Streaming as a first-class concept

First of all, we need to have streams as a first-class programming concept. A stream can be defined as a potentially unbounded (“infinite”) sequence of data. Since it is potentially unbounded, we can’t wait—buffer elements—until we have received all data before we act upon it, but need to do so in an incremental fashion—ideally without overwhelming ourselves, or overwhelming those who consume the data we produce or incur a too-high processing latency.

By first-class concept, we mean that we need to be able to reason about streams as values, manipulate streams, join streams, or split them apart. Ideally, we need to land on a set of different patterns for stream processing and integration, along the same lines as the classic EIP.

Functional programming lends itself very well to stream transformation, and it is no coincidence the industry has standardized on a simple set of functional combinators that any modern stream-based DSL needs to support. Examples of these include map, flatMap, filter, groupBy, and zip, and together they form a core part of our pattern language and vocabulary for stream processing.

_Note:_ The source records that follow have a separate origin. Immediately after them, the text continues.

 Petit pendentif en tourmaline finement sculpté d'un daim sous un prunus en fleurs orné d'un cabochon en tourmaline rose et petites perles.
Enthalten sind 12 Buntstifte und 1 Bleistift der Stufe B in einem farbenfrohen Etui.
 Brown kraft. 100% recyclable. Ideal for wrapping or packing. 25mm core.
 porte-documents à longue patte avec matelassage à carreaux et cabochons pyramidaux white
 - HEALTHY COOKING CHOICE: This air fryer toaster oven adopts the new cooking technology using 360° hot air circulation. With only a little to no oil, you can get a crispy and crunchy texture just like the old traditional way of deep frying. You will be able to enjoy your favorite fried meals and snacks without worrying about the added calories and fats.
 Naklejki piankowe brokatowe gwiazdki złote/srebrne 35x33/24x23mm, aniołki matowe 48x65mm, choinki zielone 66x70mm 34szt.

What is interesting is that these functional combinators—let’s call them “shapes”—are so high level, generic, powerful, composable, and reusable that the need for relying on explicit APIs and abstractions for EIP vanish[5]. Instead, the necessary integration patterns can be composed on an as-needed basis using our reusable shapes for stream processing.

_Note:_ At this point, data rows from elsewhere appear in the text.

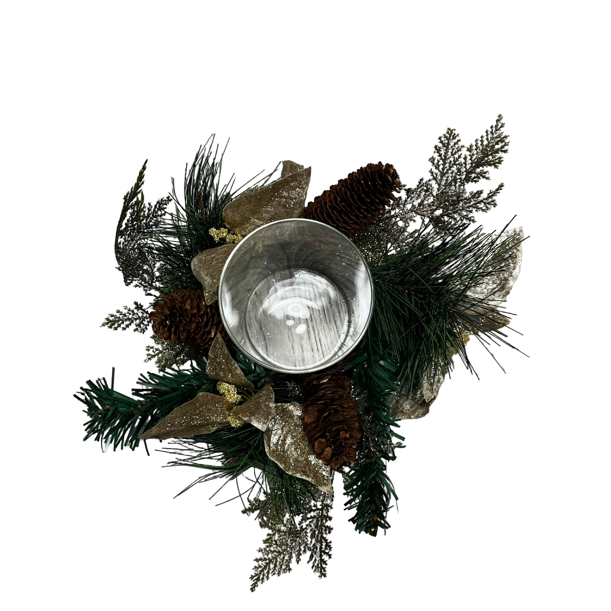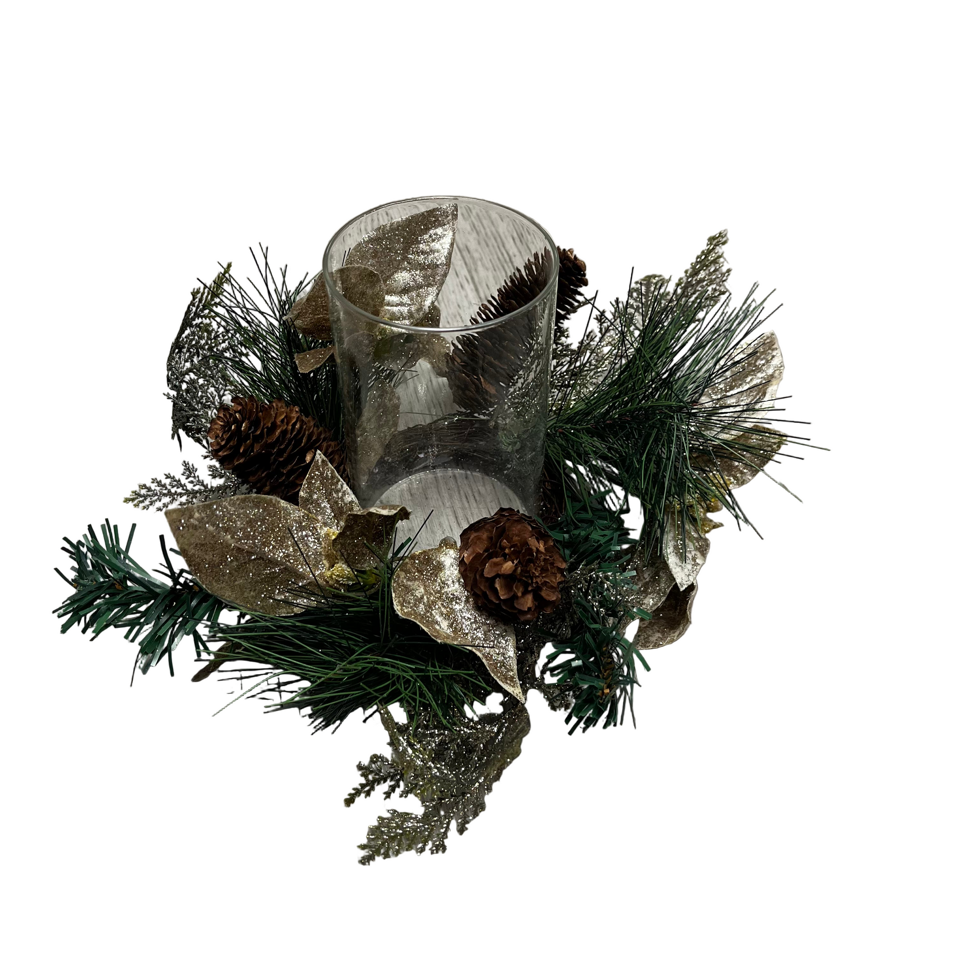 Add a warm, festive glow to your home with this elegant hurricane candle holder surrounded by a lush winter arrangement. The clear glass hurricane is nestled within a beautifully crafted mix of artificial pine needles, natural-style pinecones, and shimmering gold and silver foliage, creating a perfect balance of sparkle and seasonal charm.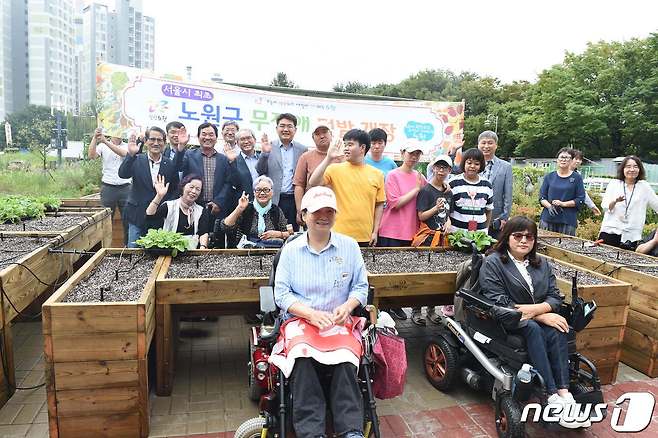 10일 오전 서울 노원구 에코센터에서 열린 ‘서울시 최초 노원구 무장애 텃밭 개장식’에서 오승록 노원구청장 등 참석자들이 기념촬영을 하고 있다. 서울시 최초로 장애인들을 배려해 하단 사선 설계 등을 하는 등 맞춤 제작한 텃밭상자 12개, 휠체어를 이용하는 장애인들의 보행권 확보를 위한 바닥 보도블록 시공, 텃밭에 물주기가 힘든 장애인들을 위해 시간 설정해 자동으로 물을 뿌려주는 점적관수장치 등을 조성해 마련됐다. (노원구청 제공) 2019.9.10/뉴스1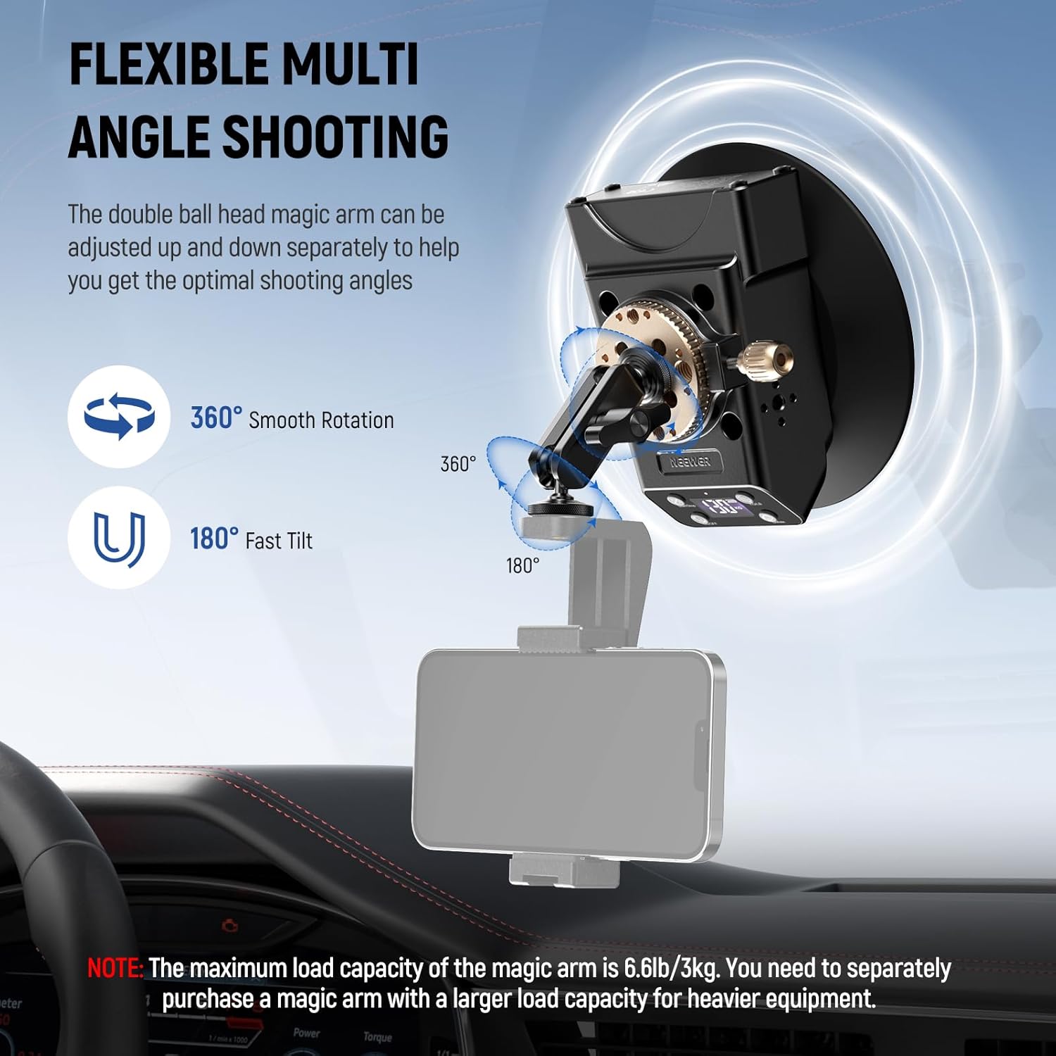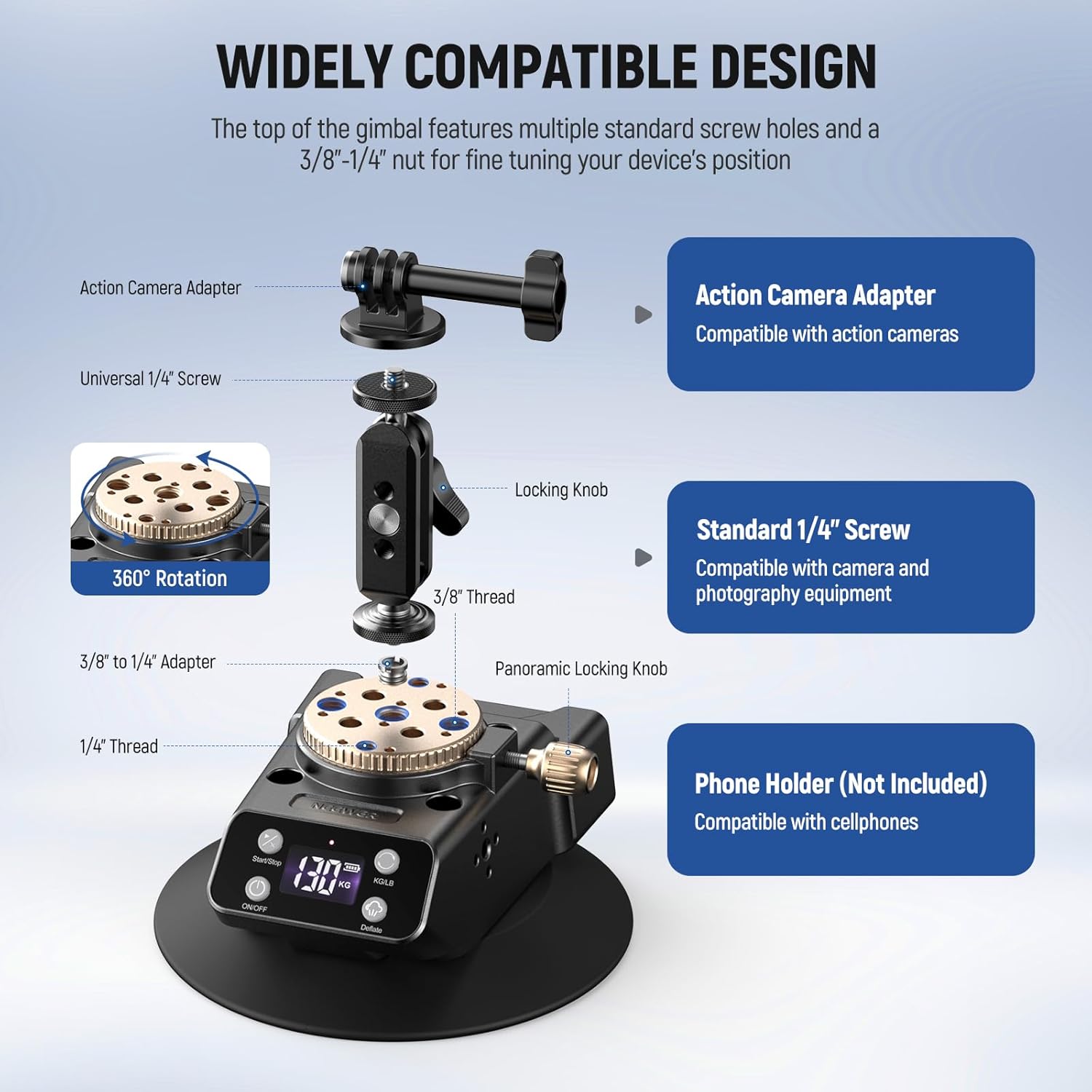 【One Click to Start/Deflate】 NEEWER CA017 innovates with electric mounting instead of manual mounting. One click to start the vacuum pumping, fast and accurate. Equipped with a digital display and supports intelligent monitoring of the internal air pressure of the suction cup. One click the “Deflate” button to release the inside air. The indicator light flashes for low battery. note: Please remove the device before deflating to avoid damage by dropping, and keep an eye on the battery level

From one perspective, stream processing is all about integration: ingest data from different sources and try to mine knowledge from it in real time before pushing it out to interested parties. But each implementation is doing it differently, which makes interoperability hard.

What we are lacking is a standardized way to integrate stream processing products, databases, traditional standardized protocols, and legacy enterprise products.

The need for flow control

One of the key realizations one develops when integrating components of unequal capacities is that flow control is not optional, but mandatory.

Flow control is essential for the system to stay responsive, ensuring that the sender does not send data downstream faster than the receiver is able to process. Failing to do so can, among other things, result in running out of resources, taking down the whole node, or filling up buffers, stalling the system as a whole. Therefore, flow control, especially through backpressure (see Figure 1), is essential in order to achieve resilience in a stream/integration pipeline.

flow of data and backpressure
Figure 1. Illustrates the flow of data and backpressure in a stream topology.

Also, during an inability to send or receive data, processing resources must be handed back and made available to other parts of the system, allowing the system to scale to many concurrent integration pipelines.

Reactive streams: A call to arms

To address the problem of flow control, an initiative called reactive streams was created in late 2013 to “provide a standard for asynchronous stream processing with non-blocking backpressure.”

Reactive streams is a set of four Java interfaces (publisher, subscriber, subscription, and processor), a specification for their interactions, and a technology compatibility kit (TCK) to aid and verify implementations.

The reactive streams specification has many implementations and was recently adopted into JDK 9 as the Flow API. Crucially, it provides the assurance that connecting publishers, processors, and subscribers—no matter who implemented them—will provide the flow control needed. When it comes to flow control, all components in the processing pipeline need to participate.

Toward reusable shapes for integration

We need to be able to reason about transformational shapes (see Figure 2)—how data is processed (separately from the sources and sinks), where data comes from and ends up. We also need to decouple the notion of representational shape from sources and sinks so we can disconnect internal representation from external representation.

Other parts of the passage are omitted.